* _Dataset records_:
* * * *

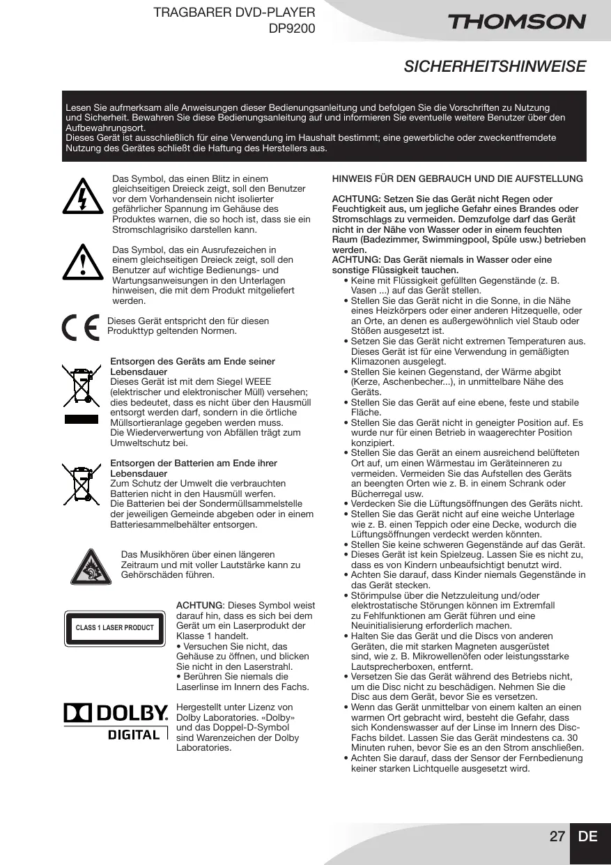 Laden Sie die Anleitung für Ihr kostenlos im PDF-Format! Finden Sie Ihr Handbuch DP9200 - THOMSON und nehmen Sie Ihr elektronisches Gerät wieder in die Hand. Auf dieser Seite sind alle Dokumente veröffentlicht, die für die Verwendung Ihres Geräts notwendig sind. DP9200 von der Marke THOMSON.
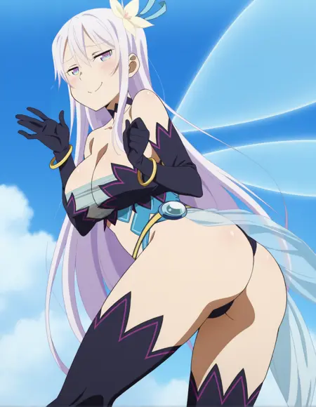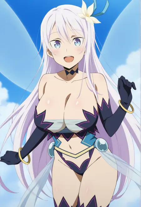 fdreona, 매우 긴 머리, 큰 가슴, 요정, 머리 장식, 머리 꽃, 노출된 옷, 초커, 흉선, 벌어진 어깨, 팔찌, 팔꿈치 장갑, 검은 허벅지 스타킹, 요정 날개, 발가락이 없는 양말,
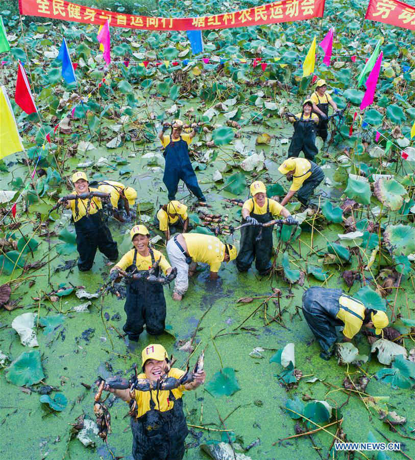Villagers take part in a digging lotus roots match in Tanghong Village, Huzhou City, east China's Zhejiang Province, Sept. 24, 2017. Local people held a match here Sunday to celebrate the harvest of lotus roots. (Xinhua/Xu Yu)
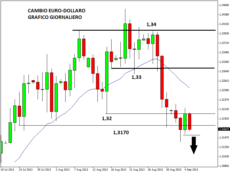 Sul forex il tasso di cambio euro-dollaro continua a mostrare movimenti non semplici da decifrare, in attesa della riunione odierna della BCE e della conferenza stampa di Mario Draghi. I tassi nell’area euro dovrebbero restare fermi sul minimo storico dello 0,5%. Da un punto di vista tecnico il cross euro-dollaro quota poco sotto 1,3170 e sembra proiettato verso il test dei minimi di due giorni fa posti a 1,3138.
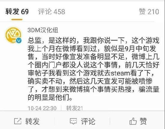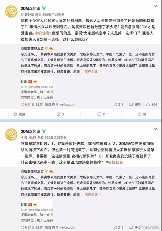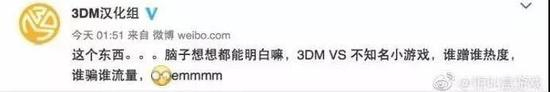 看上去也就到此为止了,不过接下来发生的事情就比较好玩了,这个时候,一个叫做“3DM汉化组”的蓝V认证微博加入了战场,开始火力全开。

* * * *

* _Your task_:
If an entry contains an image, print the rest of that entry exactly and leave the image out.

* _Written response_:
 Laden Sie die Anleitung für Ihr kostenlos im PDF-Format! Finden Sie Ihr Handbuch DP9200 - THOMSON und nehmen Sie Ihr elektronisches Gerät wieder in die Hand. Auf dieser Seite sind alle Dokumente veröffentlicht, die für die Verwendung Ihres Geräts notwendig sind. DP9200 von der Marke THOMSON.
 fdreona, 매우 긴 머리, 큰 가슴, 요정, 머리 장식, 머리 꽃, 노출된 옷, 초커, 흉선, 벌어진 어깨, 팔찌, 팔꿈치 장갑, 검은 허벅지 스타킹, 요정 날개, 발가락이 없는 양말,
Villagers take part in a digging lotus roots match in Tanghong Village, Huzhou City, east China's Zhejiang Province, Sept. 24, 2017. Local people held a match here Sunday to celebrate the harvest of lotus roots. (Xinhua/Xu Yu)
 Sul forex il tasso di cambio euro-dollaro continua a mostrare movimenti non semplici da decifrare, in attesa della riunione odierna della BCE e della conferenza stampa di Mario Draghi. I tassi nell’area euro dovrebbero restare fermi sul minimo storico dello 0,5%. Da un punto di vista tecnico il cross euro-dollaro quota poco sotto 1,3170 e sembra proiettato verso il test dei minimi di due giorni fa posti a 1,3138.
 看上去也就到此为止了,不过接下来发生的事情就比较好玩了,这个时候,一个叫做“3DM汉化组”的蓝V认证微博加入了战场,开始火力全开。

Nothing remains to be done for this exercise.